Your task is to reproduce, verbatim and without pictures, the lines from the opening of the listing through the line containing "По видеосвязи было".

- Stored data
####################

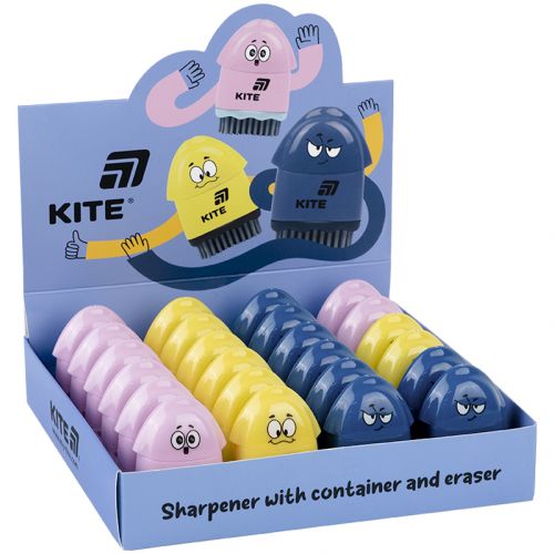 Точилка з контейнером та гумкою Kite K25-365 Faces – багатофункціональний аксесуар для навчання і творчості. Компактна і функціональна. Займає мінімум місця в пеналі. Точилка з міцним сталевим лезом з легкістю підточує олівці, не пошкоджуючи грифель. Місце заточування залишається гладеньким, без щербин і зазубрин. Стружка потрапляє в контейнер, залишаючи робоче місце бездоганно чистим. Знімна гумка виготовлена з якісного синтетичного каучуку з нейтральним ароматом. Гумова щіточка – м’яка і приємна на дотик. З її допомогою можна скидати зі сторінки залишки гумки.
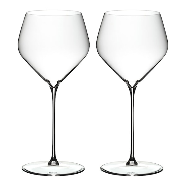 Riedels serie Veloce har fått sitt namn från italienskans ord för snabb. De vackra vinglasen utmärker sig med en kupa i tunn kristall och en smal, hög stam. Den eleganta känslan förstärks av att kuporna har en diamantformad design. Precis som Riedels andra glasserier är Veloce-glasen druvspecifika. På foten av varje glas finns en märkning som säger vilken druva kupan passar till.
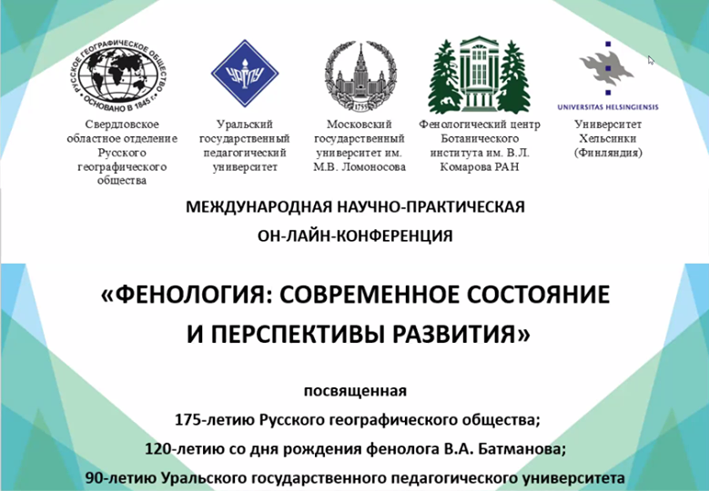 По видеосвязи было приятно увидеть и услышать своих давних коллег фенологов из Уральского педагогического госуниверситета (Маргариту Константиновну Куприянову, Оксану Янцер, Юлию Иванову); Института географии РАН (Александра Минина); Фенологического центра Ботанического института им. В.Л. Комарова РАН (Виолетту Георгиевну Федотову, Павла Лебедева); многих сотрудников из заповедников и национальных парков, а также познакомиться с интересными специалистами.
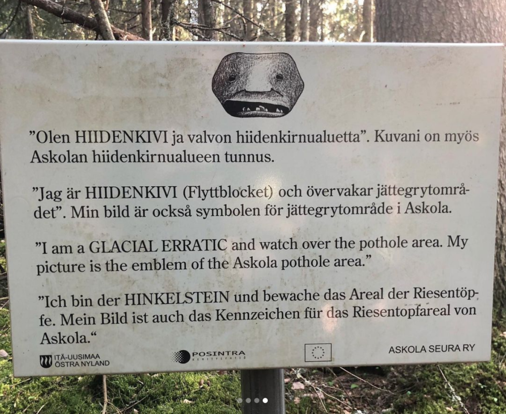 Askolan hiidenkirnujen alueelle vie noin puolen kilometrin pituinen ihana metsäinen lenkki. Aluetta vahtii tietenkin Hiidenkivi, joka on sekin on hyvin vaikuttava ilmestys heti lenkin alussa. 😀

####################

- Exercise output
 Точилка з контейнером та гумкою Kite K25-365 Faces – багатофункціональний аксесуар для навчання і творчості. Компактна і функціональна. Займає мінімум місця в пеналі. Точилка з міцним сталевим лезом з легкістю підточує олівці, не пошкоджуючи грифель. Місце заточування залишається гладеньким, без щербин і зазубрин. Стружка потрапляє в контейнер, залишаючи робоче місце бездоганно чистим. Знімна гумка виготовлена з якісного синтетичного каучуку з нейтральним ароматом. Гумова щіточка – м’яка і приємна на дотик. З її допомогою можна скидати зі сторінки залишки гумки.
 Riedels serie Veloce har fått sitt namn från italienskans ord för snabb. De vackra vinglasen utmärker sig med en kupa i tunn kristall och en smal, hög stam. Den eleganta känslan förstärks av att kuporna har en diamantformad design. Precis som Riedels andra glasserier är Veloce-glasen druvspecifika. På foten av varje glas finns en märkning som säger vilken druva kupan passar till.
 По видеосвязи было приятно увидеть и услышать своих давних коллег фенологов из Уральского педагогического госуниверситета (Маргариту Константиновну Куприянову, Оксану Янцер, Юлию Иванову); Института географии РАН (Александра Минина); Фенологического центра Ботанического института им. В.Л. Комарова РАН (Виолетту Георгиевну Федотову, Павла Лебедева); многих сотрудников из заповедников и национальных парков, а также познакомиться с интересными специалистами.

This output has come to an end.